AUGUSTA - Other states have tried -- and failed -- to create universal healthcare systems. Now, policy makers across the country are watching this poor but innovative state to see if the newly authorized Dirigo -- Maine's motto and Latin for "I lead" -- can live up to its name.
The state-private partnership designed to ensure access to health care for all 1.3 million residents will sign up its first enrollees in July.
Questions remain unanswered as to how Dirigo will be structured. It has survived one legislative attempt to reduce funding, and the process of hiring an insurer to provide services is behind schedule.
Even bigger questions revolve around money, according to policy experts who are familiar with Maine's program.
"Making something like this work anywhere is an experiment. And we will all learn in the process," said Jay Wolfson, professor of public health and medicine at the University of South Florida.
The key to success will be how many employers agree to provide coverage to their employees through Dirigo and keeping costs borne by beneficiaries in proper balance with those paid by employers, he says.
"The cost is a driving issue," said Dana Connors, president of the Maine State Chamber of Commerce and a Dirigo board member. Connors agrees that participation by small businesses is a key factor.
Dirigo's goal is to insure 31,000 people this summer and cover the state's remaining 130,000 uninsured by 2009.
Employers who sign on, and their employees, will pay for a portion of coverage. In addition, MaineCare -- Maine's Medicaid program -- will be expanded to cover more low-income people.
Dirigo enrollees who are not eligible for Medicaid will pay for coverage, with premiums based on ability to pay.
Funding will flow from other sources. The state counts on $52 million in one-time federal fiscal relief money to start up the program.

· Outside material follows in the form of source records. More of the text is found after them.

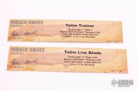 Hand-to-hand combat is an engagement between two or more persons in an empty-handed struggle or with hand-held weapons such as knives, sticks, or projectile weapons that cannot be fired. Proficiency in hand-to-hand combat is one of the fundamental building blocks for training the modern soldier. Purpose: The Talim Combatives Fixed Blade System is a life-saving device. It is a purpose-built tool for cutting and piercing flesh in an offensive/defensive situation. It’s built to cut through typical clothing/gear that would be in aforementioned situations in order to complete the task at hand and potentially save one’s life. Key Features: The live blade is ground to a zero edge, then back-beveled to create the final edge. This makes for an extremely sharp final edge. The handles are press fit 1/16thof an inch into the blade and then glued in place with a high-temperature tolerant rubberized adhesive. This aids in removing potential hardware that could loosen/corrode over time. It also makes for extremely strong handle retention. The handles are 3D textured and contoured to aid in grip and comfort – even when wet or covered in foreign materials. The knife has a curved and contoured pommel that indexes perfectly for extremely fast draw times from the sheath system. The training blade is ½” shorter than the live blade so as not to create training deficiencies when striking a target. The momentum sheath system is built for extreme speed and retention under most circumstances. Reasoning: The reasoning behind designing this system was to create a blade package that could be carried comfortably daily and trained with in the same way you carry it. I designed this system to be carried “other strong side (left side) reverse grip.” Carrying the system “other strong side” allows the normal carry of a sidearm on the strong side while having another tool at your disposal on the left side. Sources: Information and masterminding was conducted with many different and varied people from different backgrounds in Combatives, some of which include Commando Krav Maga, Sayoc Kali, DEVGRU, Army SF, Army CAG, and SWAT. Experience: My personal experience that has helped me build this system includes Sayoc Kali, Integrated Combatives (http://www.americantacticalshootinginstruction.com/), Commando Krav Maga, MMA, Mui Thai, and Gung Fu. The Talim Combatives Fixed Blade System includes the following: Talim Live Blade Talim Aluminum Trainer Momentum Sheath System for both Live and Trainer Blades SPECIFICATIONS Blade: .15625 Thick, S35VN Steel, DLC Black Stonewash Finish Handle: .1875 Thick, Black G10 Inlayed Handle w/ Diamond Texture Overall Length: 7.5” Blade Length: 3.5” Weight: 5.7OZ Color: Acid Stonewash Momentum Sheath System Comes with COA. New from maker.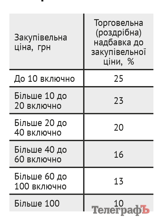 Змінити диференціацію надбавок на ліки і медвироби. Так, раніше регулюванню взагалі не підлягали препарати, ціна на які нижча за 12 грн. На препарати до 100 грн включно нині діє гранична надбавка 25%; від 100 до 300 – 23%; від 300 до 500 – 20%; від 500 до 1000 – 15%, Понад 1000 – 10%. Тепер надбавки фактично пропонується зменшити. Уряд вважає, що це дозволить знизити рівень цін в аптеках у середньому на 17%.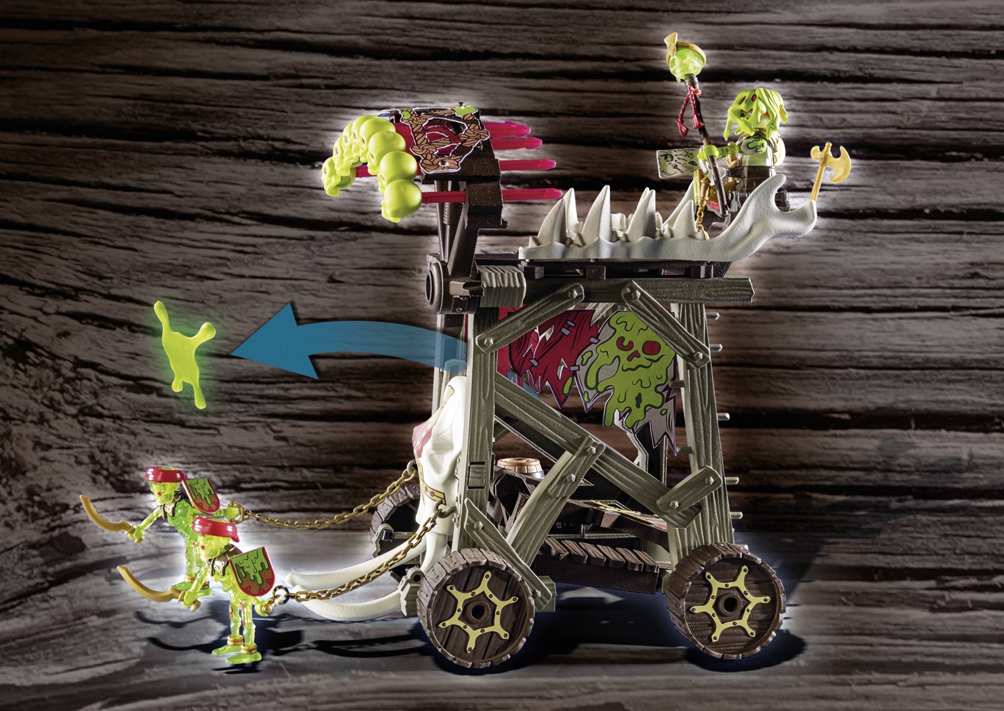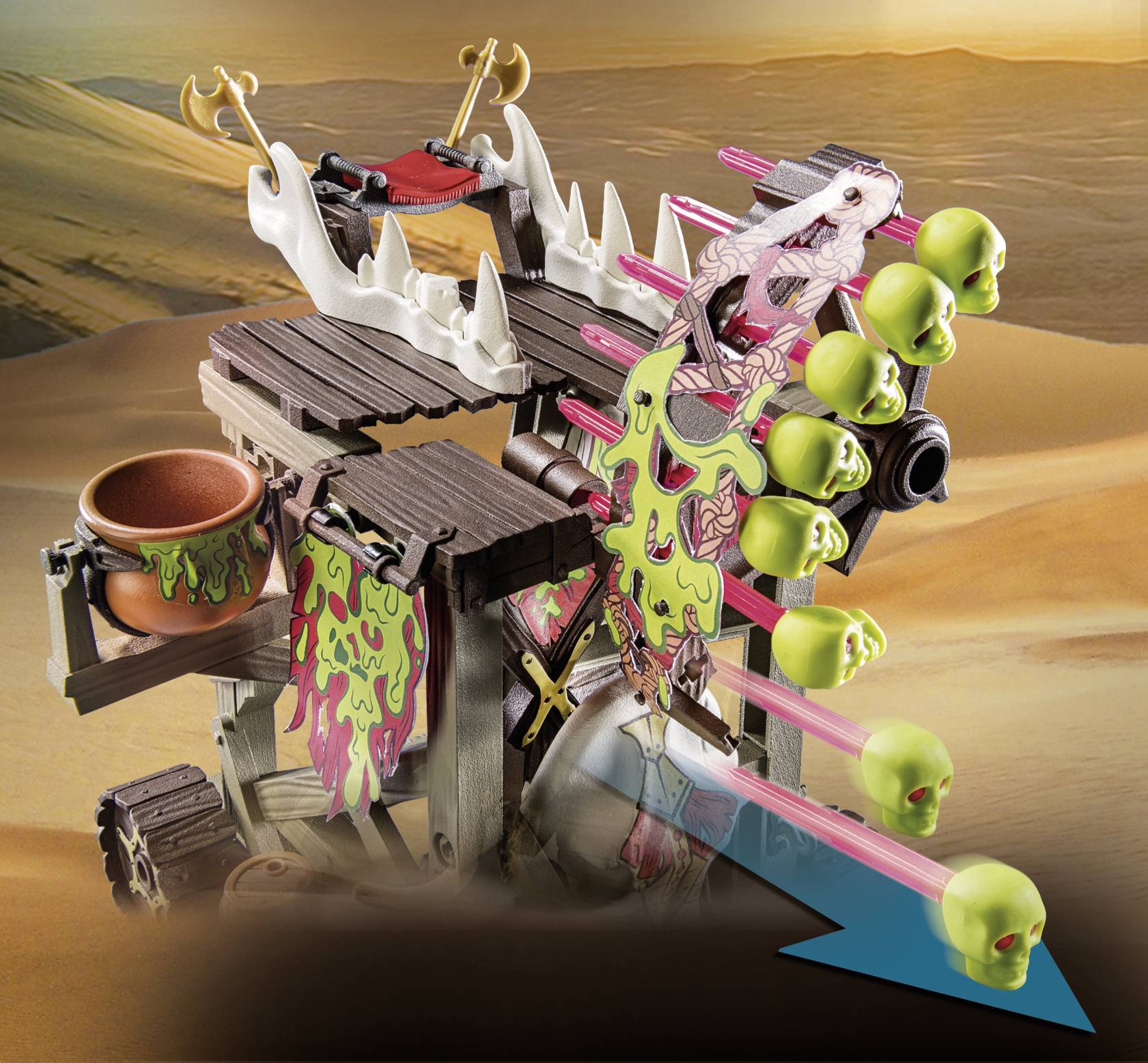 Mobilna wieża szturmowa armii szkieletów brzmi jak grzmot, gdy tylko pierwsze pociski zostaną wystrzelone w krótkich odstępach czasu. Na Tronie Grzmotu śliska substancja jest natychmiast przekształcana w niebezpieczne pociski, których żaden atakujący nie chce zostać trafiony. Z nowo opracowaną mechaniczną funkcją startu lub katapulty dla jeszcze większej zabawy!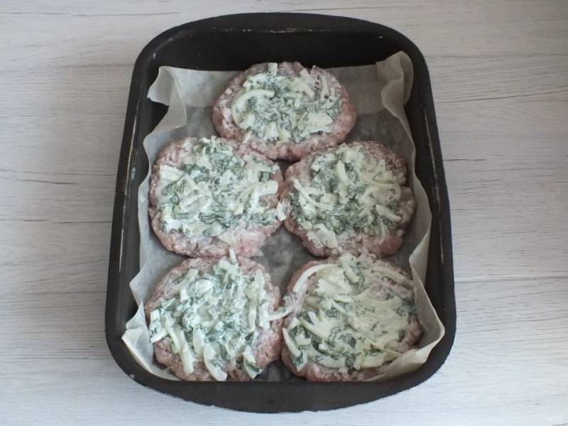 Разложите на блинчики подготовленный лук с петрушкой и майонезом #Махеев "Шпинат Базилик".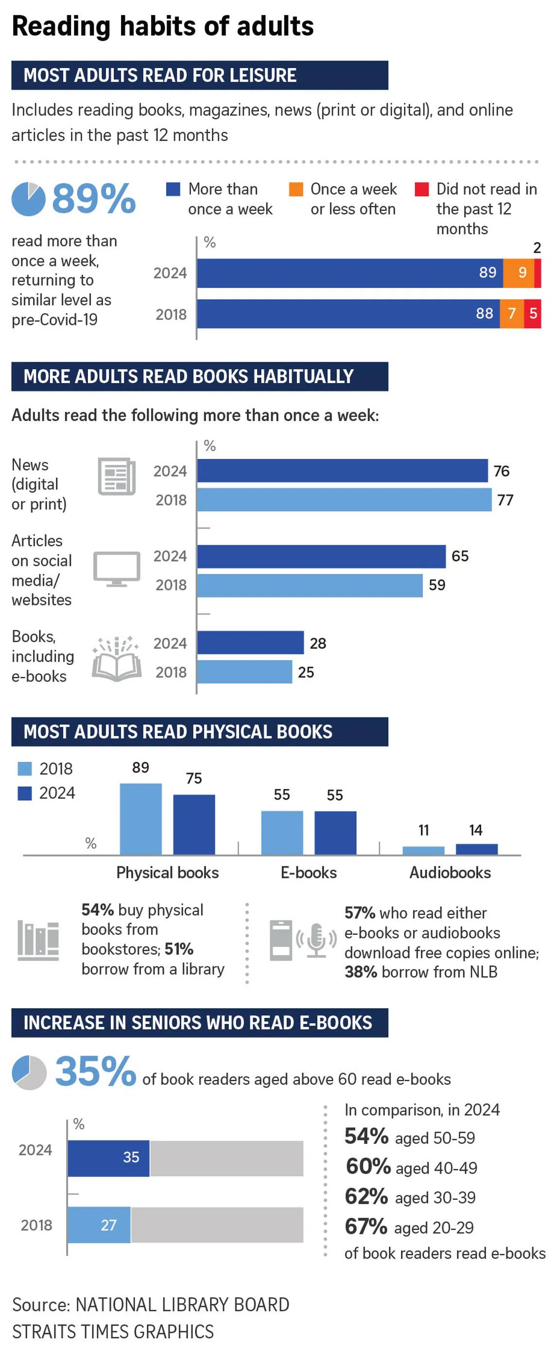 Conducted every three years by the National Library Board (NLB), the 2024 study also found habitual reading levels have reverted to pre-pandemic norms, with 81 per cent of teens and 89 per cent of adults reading multiple times a week.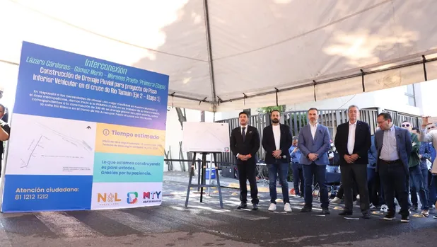 Pasadas las 10:00 horas de este viernes, el gobernador de Nuevo León, Samuel García; el alcalde de Monterrey, Adrián de la Garza; y el secretario de Ayuntamiento de San Pedro, Mauricio Farah, dieron banderazo a la primera etapa del proyecto que consiste en la construcción 980 metros lineales de drenaje pluvial.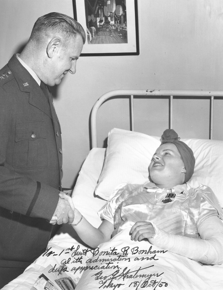 from Korea.In June 1950 there was only one Army nurse (Capt. Viola B. McConnell) on duty in Korea.
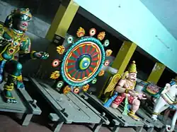 As per Hindu legend, King Ambarisha who immersed himself in the worship of Vishnu, failed to strengthen his army and lost his kingdom. While doing worship, he also did not observe the sage Durvasa who went along his way. The sage got irritated and cursed the king. The king went to Vishnu for rescue, who sent his discus to chase the sage. The sage surrendered to Vishnu and begged pardon. The king Ambarishan is believed to have built the temple and hence the presiding deity is also called Ambarisha Varadhar at this place.[2]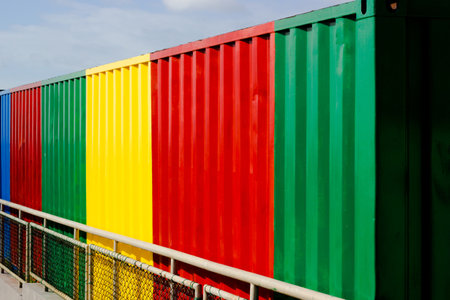 Colorful cargo containers stacked in a container terminal. Industrial background.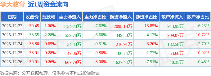 本周盘点(12.22-12.26):学大教育周跌0.13%,主力资金合计净流出1033.49万元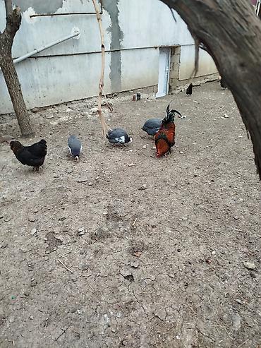 - Növlər: müxtəlif rəngli toyuqlar və horoz, həmçinin 3 ədəd helmetli firəng toyuğu (boz, ağ ləkəli).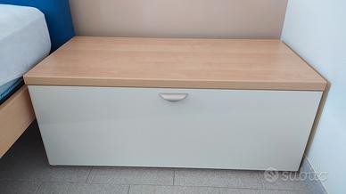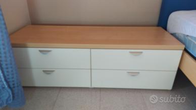 Letto da una piazza e mezza con due cassettiere laterali staccate. Mobile libreria con scrivania angolare e mensole. Prezzo 400 euro.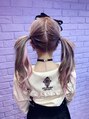 みのりんちゃんです。リタッチして、くすみめのピンクラベンダーに!エクステは45本編み込みでつけました。ベース色をメインにピンク、パープルをミックスさせました。仕上げはツインテールで!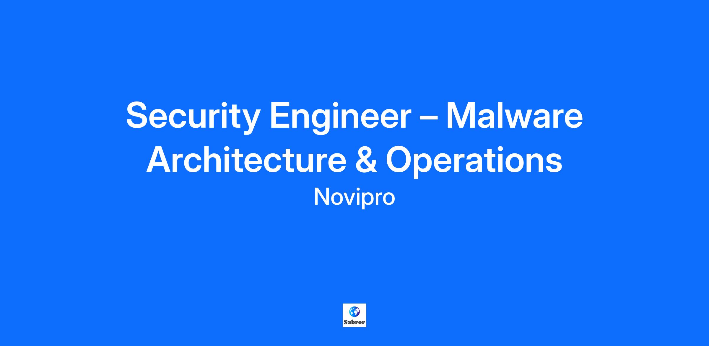Job Title: Security Engineer – Malware Architecture & Operations

Maine also plans to recapture savings by insuring people who now get medical treatment at hospitals, but leave hospitals with unpaid bills. But those savings do not offset the need for an ongoing, new revenue source to cover the uninsured, says Christopher Conover, a senior research fellow at the Terry Sanford Institute of Public Policy at Duke University.
Savings are also envisioned through voluntary caps on hospital operating margins and annual cost increases.
Dirigo's new executive director, Thomas Dunne, acknowledged challenges and uncertainties as he began setting up the program but said he is determined to get the job done.
Dunne, a former partner at the Accenture management consulting firm, who is being paid $1 per year to head Dirigo, agreed with his boss that a central goal is to create a market.
Gov. John Baldacci, who made universal coverage a cornerstone of his 2002 campaign, wants to stimulate free-market competition in the health insurance field just as the state did a decade ago with workers' compensation.
The state has no choice but to make it work, says David White, owner of an import car repair shop near Bar Harbor. White opted to forego pay for six months to keep his three employees' health coverage.
"We're in a financial crisis largely due to health care," said White, who helps advise Dirigo's health-quality watchdog panel. "You want an economic stimulus package -- fix healthcare."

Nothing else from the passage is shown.